------ Exercise data ------

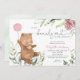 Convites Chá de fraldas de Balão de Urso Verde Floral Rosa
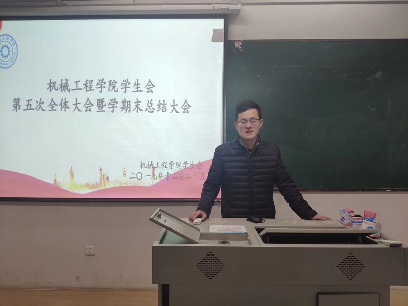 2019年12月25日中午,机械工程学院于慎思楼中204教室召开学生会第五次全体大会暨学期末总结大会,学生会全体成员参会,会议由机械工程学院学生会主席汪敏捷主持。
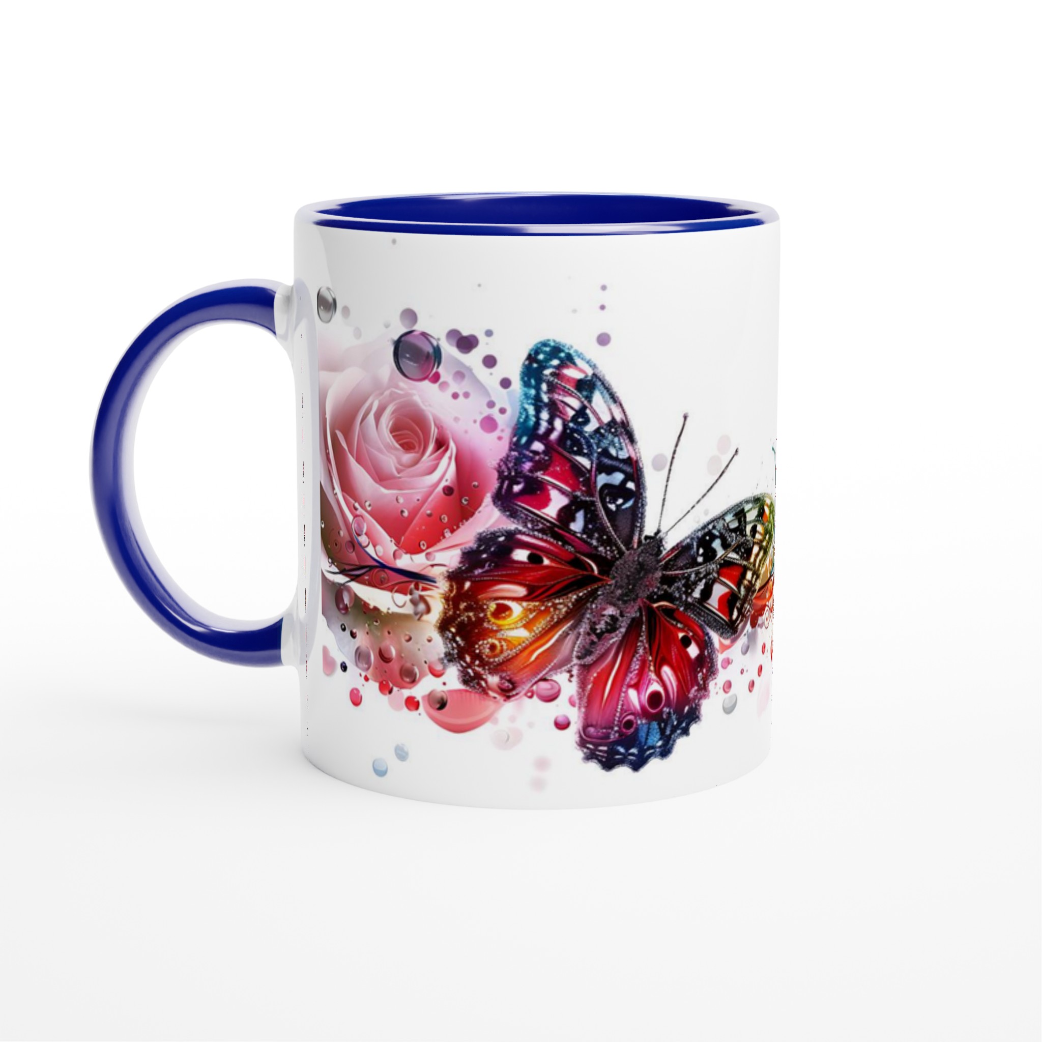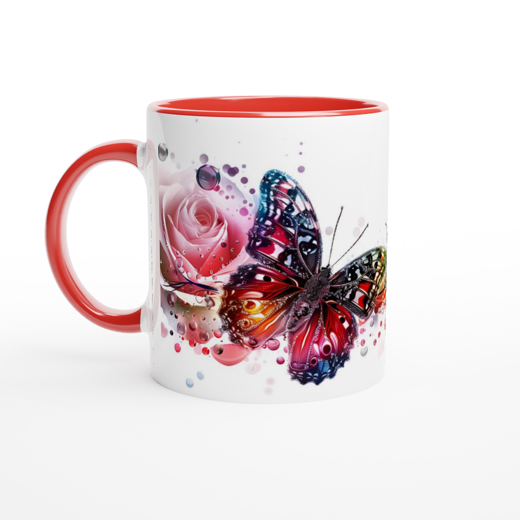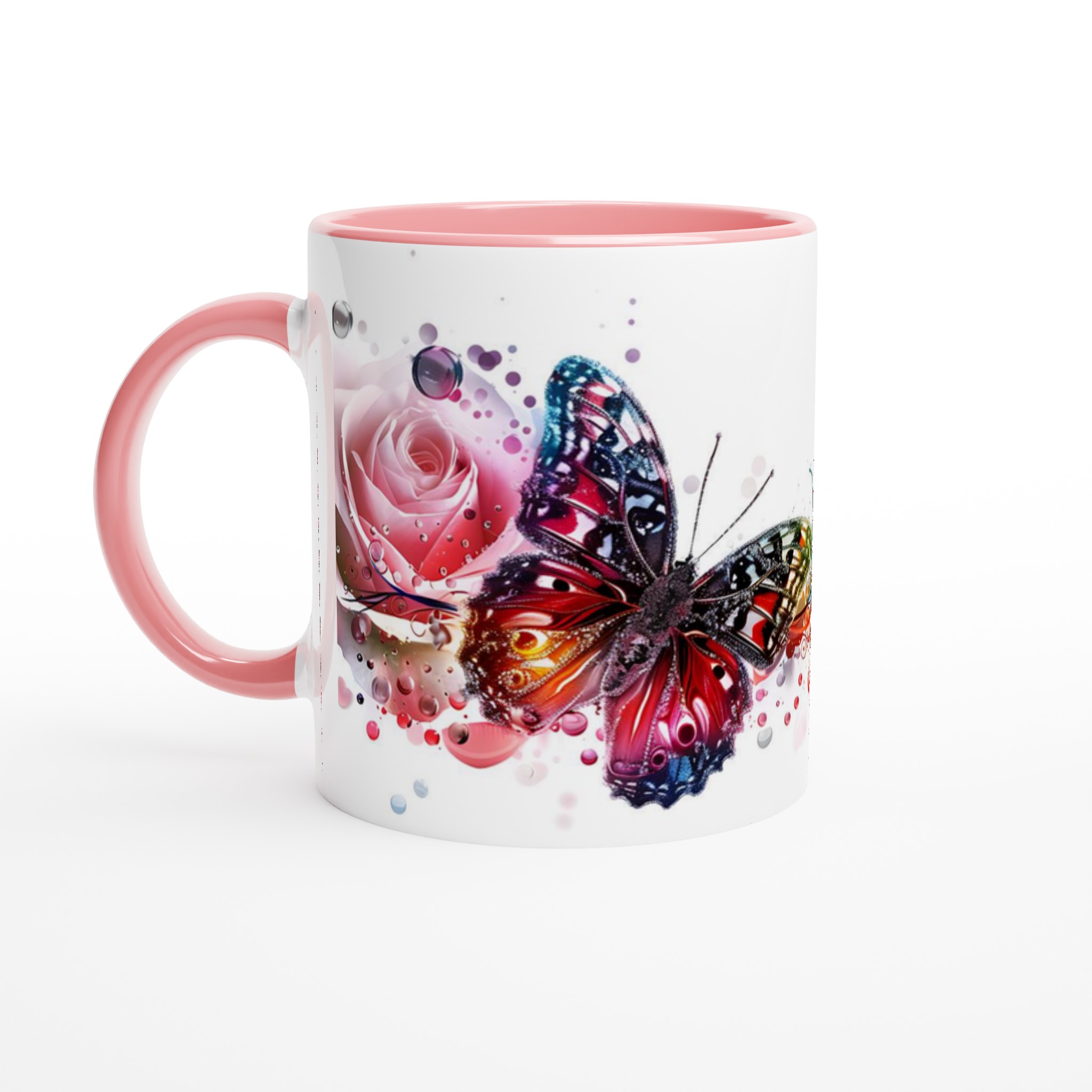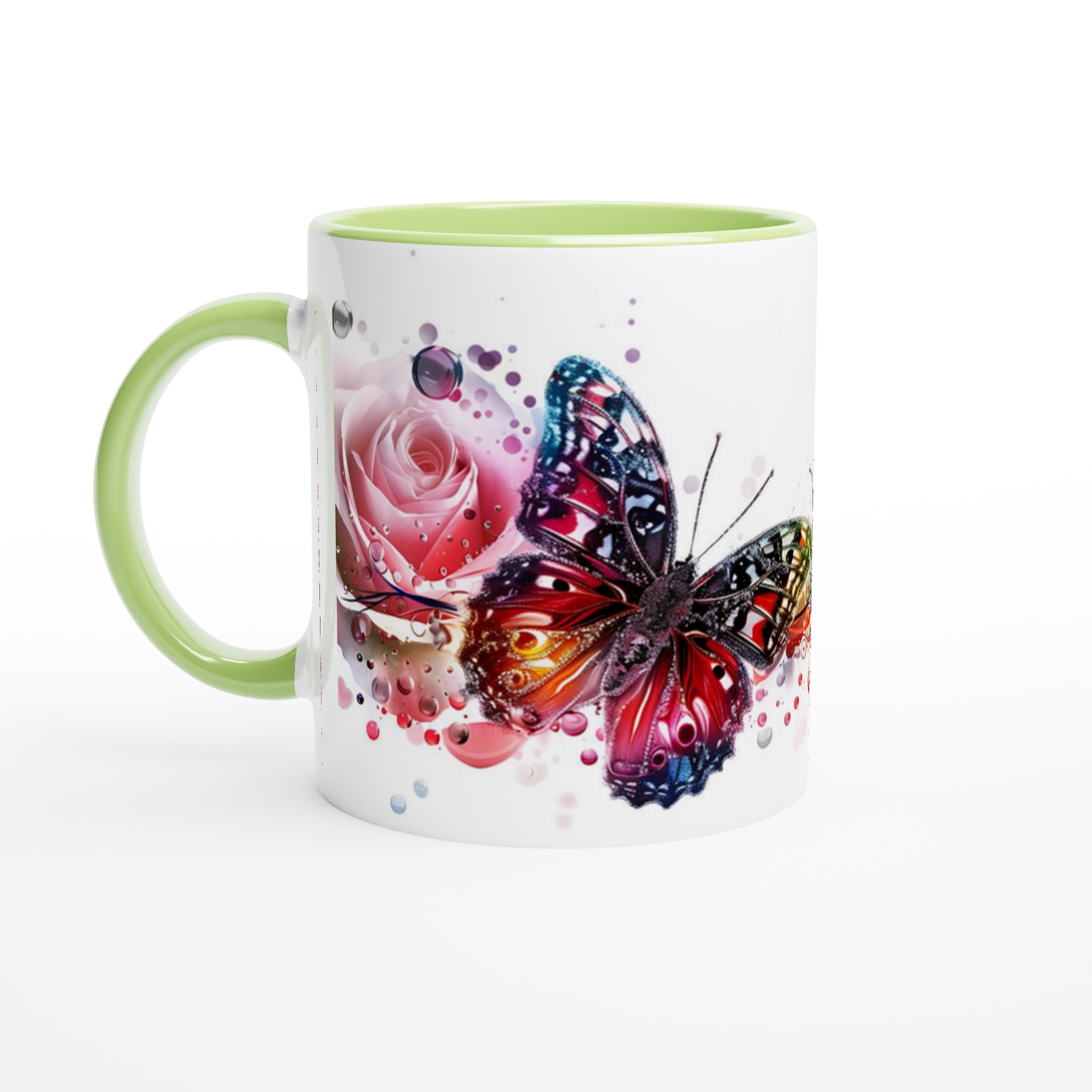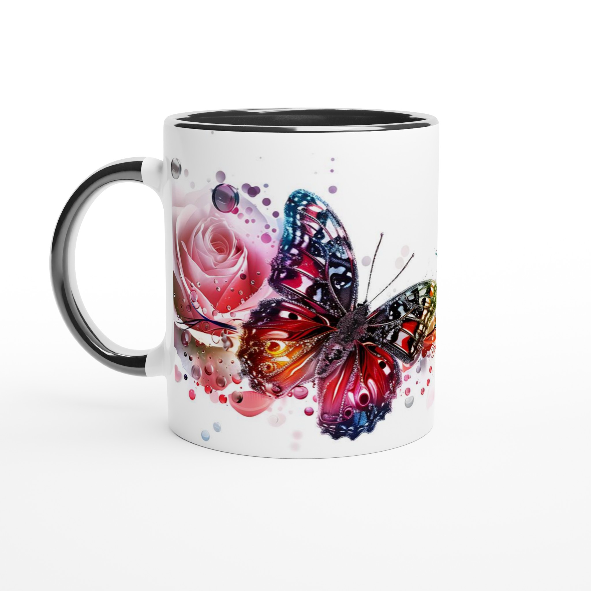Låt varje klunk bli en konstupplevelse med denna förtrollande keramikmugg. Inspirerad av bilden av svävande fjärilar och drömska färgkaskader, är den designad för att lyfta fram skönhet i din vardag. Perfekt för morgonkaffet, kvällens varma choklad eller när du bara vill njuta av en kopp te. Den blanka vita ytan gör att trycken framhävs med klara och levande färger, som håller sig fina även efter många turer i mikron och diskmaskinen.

------

Pictures excluded, copy the lines exactly from where the material starts to the line with "2019年12月25日中午,机械工程学院", inclusive.

 Convites Chá de fraldas de Balão de Urso Verde Floral Rosa
 2019年12月25日中午,机械工程学院于慎思楼中204教室召开学生会第五次全体大会暨学期末总结大会,学生会全体成员参会,会议由机械工程学院学生会主席汪敏捷主持。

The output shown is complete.